Yo: Vale Manuel, quizás con lo de mi mamá si tengas razón. Pero no quiero desaparecer mis ansias, quiero saciarlas. No sabes cuánto deseo salir a la plaza de las orquídeas a volar con mi monopatín, mientras las ancianas que alimentan a las palomas imploran a Dios para que no me caiga y me parta la cabeza. Y con respecto a lo del bendito oso amarillo, lo llamo como quiera. No soy un maldito fan de las caricaturas.

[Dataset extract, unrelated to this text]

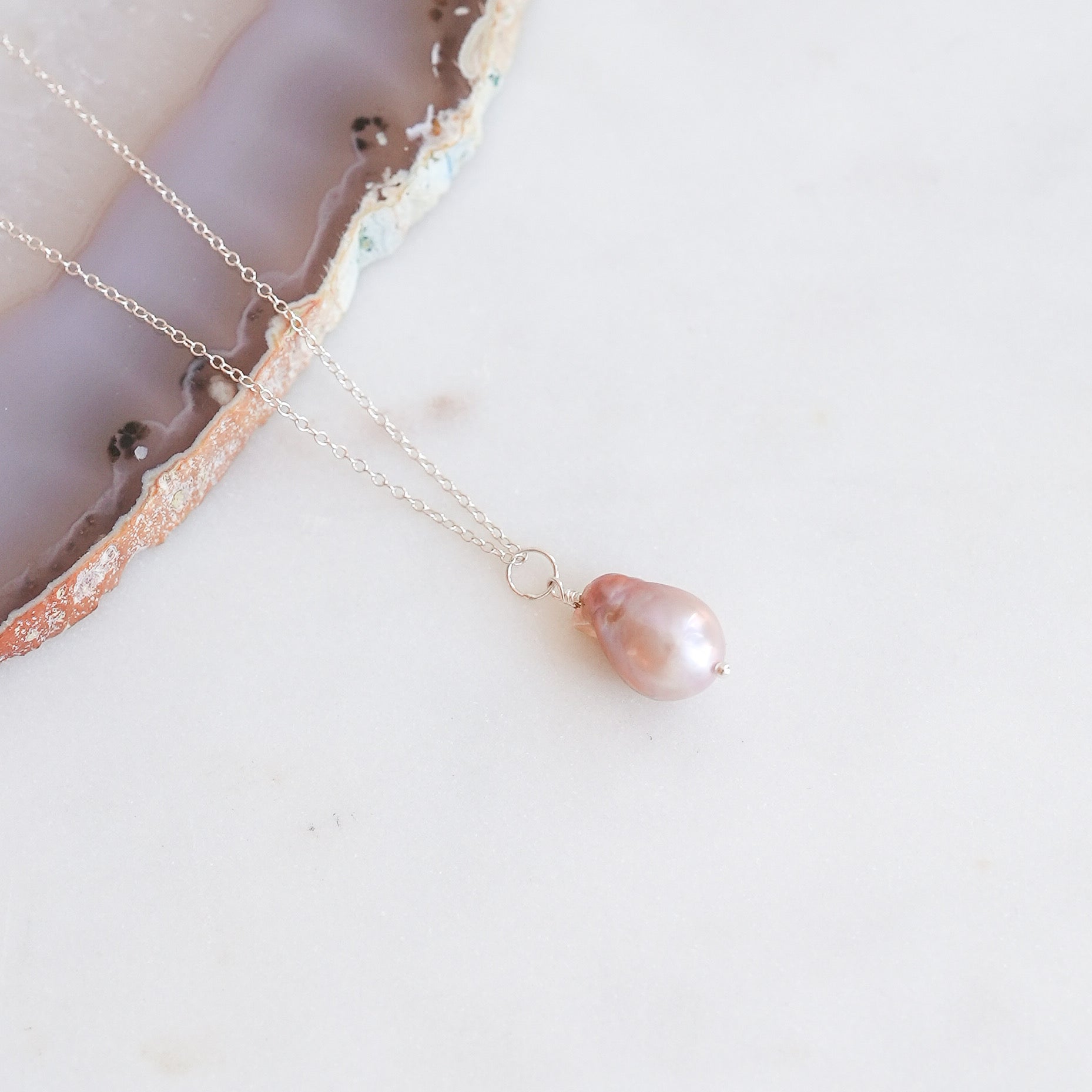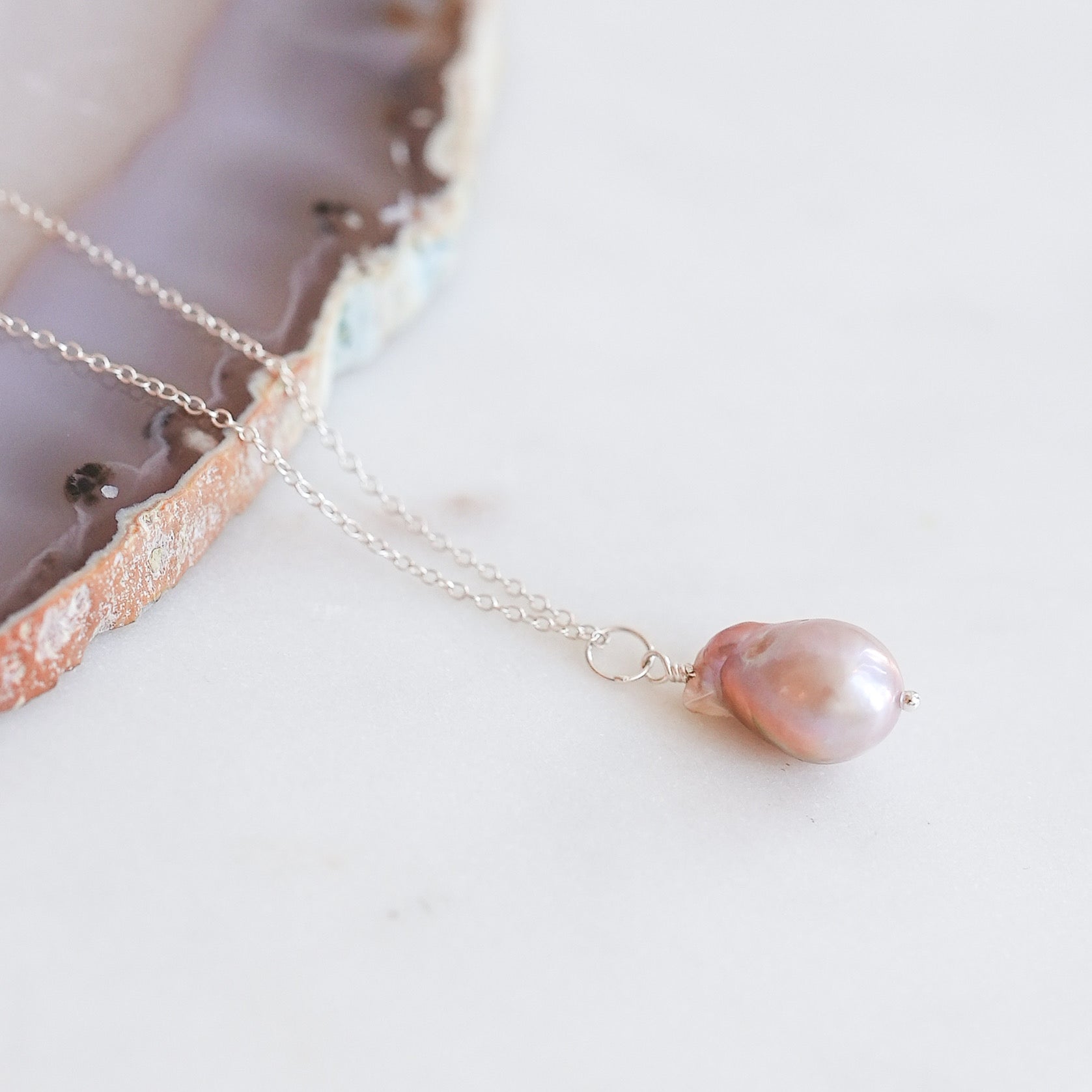 A beautiful blush freshwater pearl charm on an 18 inch sterling silver chain. Handmade by Turnstone Jewelry.

Manuel: Perdón, señor de los pies inquietos. Te dejo, prefiero estrangularme que pelear contigo, ¡iré a ver a Daenerys! ¿Ves que la cuarenta siempre tiene un lado positivo? Ja, tal vez el tuyo esté por aparecer un día de estos. Chao, y recuerda que te quiero, niño de las empanadas.
Yo: ¡Qué no me digas así! No quiero recordar al torbellino viviente de Gutiérrez y su grupito de sabandijas, y mucho menos ahora. También te quiero, pero como amigo.
Manuel: Ni modo, pensé que la culona de Sandra era la única que me mantenía en la Friend Zone.
Yo: ¡Ya quisieras pervertido!
Aparto mi vista del teléfono y la luz del sol revuelve mi mundo. Creo que debe ser mediodía porque huele a pollo frito y arroz, la comida predilecta de mi mamá. Busco rastro de alguna persona en los balcones de mí alrededor, pero solo encuentro a la brisa y el sonido de sirenas, y una ciudad solitaria en plena pandemia. Al menos los pájaros parecen felices, revoloteando en las azoteas. Incluso algunos posan frente a mí, y tal vez lo hacen para fanfarronear sobre las posibilidades de libertad que tienen con sus alas y que escasean en mis pies.
¡Desgraciados!
Las espanto, rogando que no me caigan a picotazos. Se esfuman, como una nube negra, y para mi sorpresa y la del repentino silencio, escucho cuchicheos en el balcón vecino. El ruido proviene de un par de gemelas que al parecer discuten; no sé, no logro entenderlas bien. Ambas son morenas con el cabello como nubes enredadas. Son bonitas, sí, y muy altas. Más altas que yo. Además, tienen ese modo de alerta peculiar que solo bendice a las mujeres demasiado cuidadosas.
Me aproximo más para intentar saludarlas, o para tratar de que al menos me miren. Quizás me insulten por no llevar mascarilla, o, en el caso de no controlarme, por saltar a su lado y romper los máximos metros permitidos del acercamiento entre más de dos personas. No importa, me conformo con que me maten a golpes con tal de entablar alguna conversación diferente a los temas del contagio. Logro captar la atención de las hermanas carraspeando desde los pulmones, pero una de ellas, en lugar de saludarme, me ladra con un desprecio fulminante al corazón:
—¡Qué miras chismoso! —grita una de las hermanas. La otra la retiene por los hombros, sonriendo, como evitando que se le suelte y venga a darme una paliza.
Me quedo estático, sonriendo, tal vez como un estúpido. En este punto de mi vida, mirando gente que no conozco como si se trataran de un milagro magnífico, prefiero sufrir las consecuencias de cualquier cosa que me permita interactuar con las gemelas; y eso incluye que me caigan a puñetazos.